__Aim of the task__
Transcribe all the lines below exactly. Omit the pictures.
Source data below:
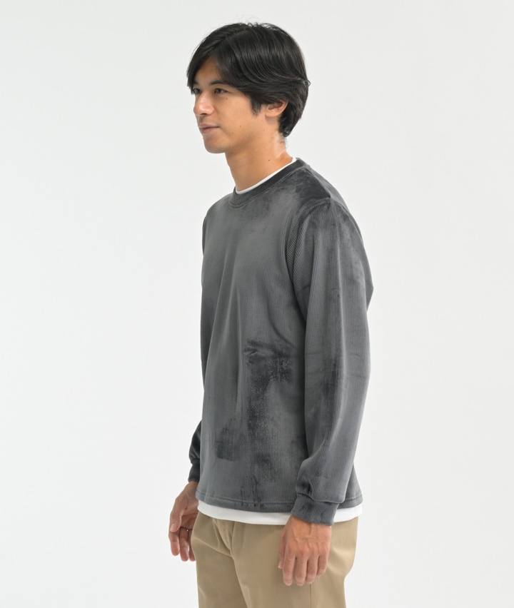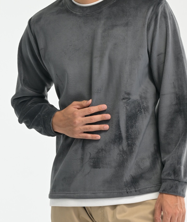 ・カットコーデュロイ素材を使用したカットソー。裏ベロア素材で暖か。
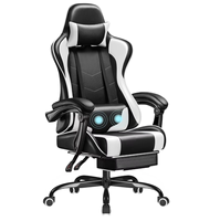 Gaming Chair Footrest and Massage Lumbar Support,Computer Chair Height Adjustable with Swivel Seat and Headrest White
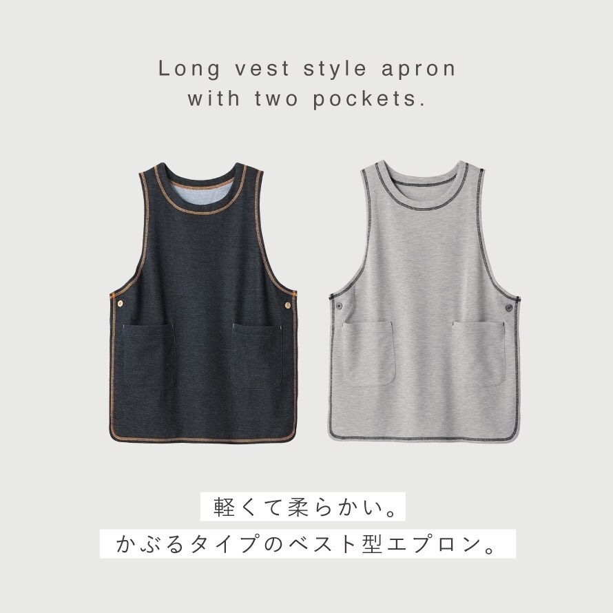 軽くて柔らかい、カジュアルに着こなせるベスト型エプロン。
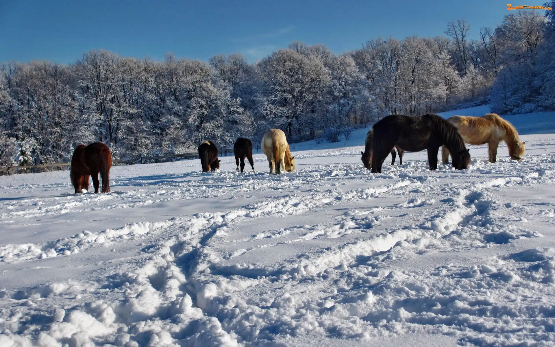 Zdjęcie: Pastwisko, Śniegiem, Zima, Konie, Zasypane
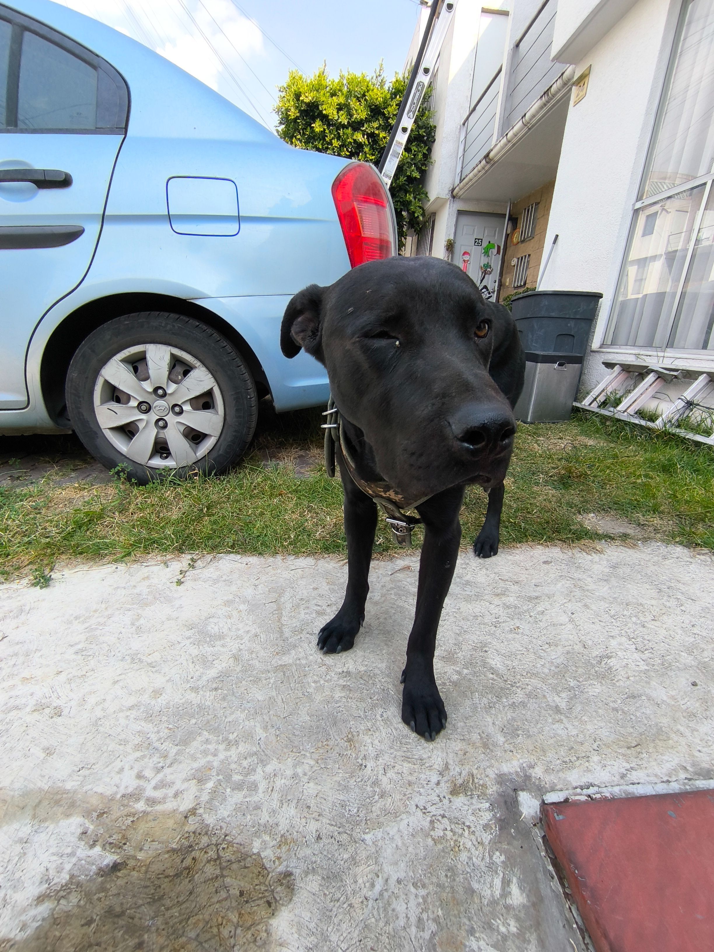 Cruza labrador negro, macho, con arnés tipo camuflaje. Se acerca a los autos tipo sedán y sube sus patas en la ventana del conductor. Come croquetas. No trae collar ni placa pero está acostumbrado a entrar a la casa.
End of Source data.
__Final answer__
 ・カットコーデュロイ素材を使用したカットソー。裏ベロア素材で暖か。
 Gaming Chair Footrest and Massage Lumbar Support,Computer Chair Height Adjustable with Swivel Seat and Headrest White
 軽くて柔らかい、カジュアルに着こなせるベスト型エプロン。
 Zdjęcie: Pastwisko, Śniegiem, Zima, Konie, Zasypane
 Cruza labrador negro, macho, con arnés tipo camuflaje. Se acerca a los autos tipo sedán y sube sus patas en la ventana del conductor. Come croquetas. No trae collar ni placa pero está acostumbrado a entrar a la casa.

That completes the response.